How do you doctor up bland chicken noodle soup? ›

Add Some Herbs

Mix the sauteed herbs into the broth to add flavor to a boring canned soup. You can also toss a sprig of rosemary or fresh sage into the pot while you heat up the soup. Whether you add the herbs together or separately, you can really change and personalize the flavor of your soup.
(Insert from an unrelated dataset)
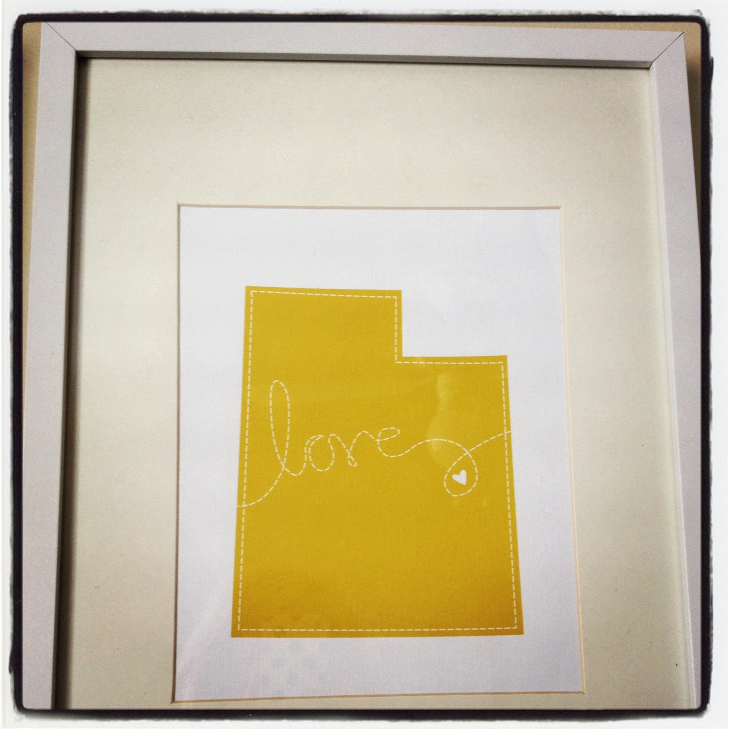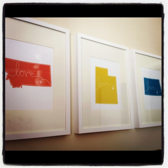 Late in the summer, a friend of mine gave me a darling print of the state of Utah with a little heart around Salt Lake that she had gotten from a cute Etsy shop. I knew it needed the perfect place in our home, and while I was deciding what I wanted to do with it, it dawned on me that it would be a fun idea to contact the Etsy seller (she has SO many cute things you can see here) and see if she would be willing to make me another print of Montana (my home state) and North Dakota (my hubby’s home state) so I could have a little memento of the three places that mean the most to our family to display in our home in the SLC. Fortunately, she obliged and I was able to select the colors that I wanted and ultimately decided to hang them in our colorful guest bedroom, which you can catch a glimpse of here and here.
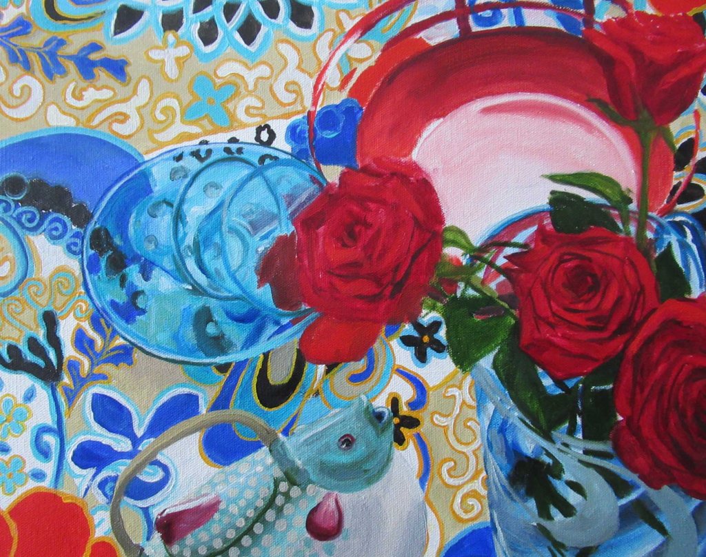 The “little pile of cups and saucers” certainly adds an interesting twist to your glass paining .. and I bet some complexity too!!

How long does dry pasta take to cook? ›

Most dried ribbons of pasta such as linguine, spaghetti and tagliatelle take between 8-10 mins. Shorter, thicker pasta shapes like bows or penne take 10-12mins and fresh pasta such as ravioli and tortellini will be done between 3-5mins.

How long do spaghetti noodles take? ›

How long do you cook spaghetti for? Generally, most spaghetti cooks in 8 to 10 minutes but it's best to follow the packet directions. How do you cook spaghetti so it doesn't stick together? When adding the spaghetti to the saucepan, wrap hands around the middle of the spaghetti.

Does pasta cook faster on high? ›

The pasta will not cook faster in vigorously boiling water because the temperature of boiling water is the same, whether it boils fast or slow. The time taken to cook pasta depends on the temperature maintained at cooking andnot the rate of boiling the water.

How long to simmer noodles in sauce? ›

Break your spaghetti noodles in half if you need to so they all get submerged in the sauce. Bring it to a boil, then cover and reduce heat to low or medium-low for 15 minutes, stirring once to make sure it doesn't stick. After 15 minutes, check that your noodles are done, and serve immediately.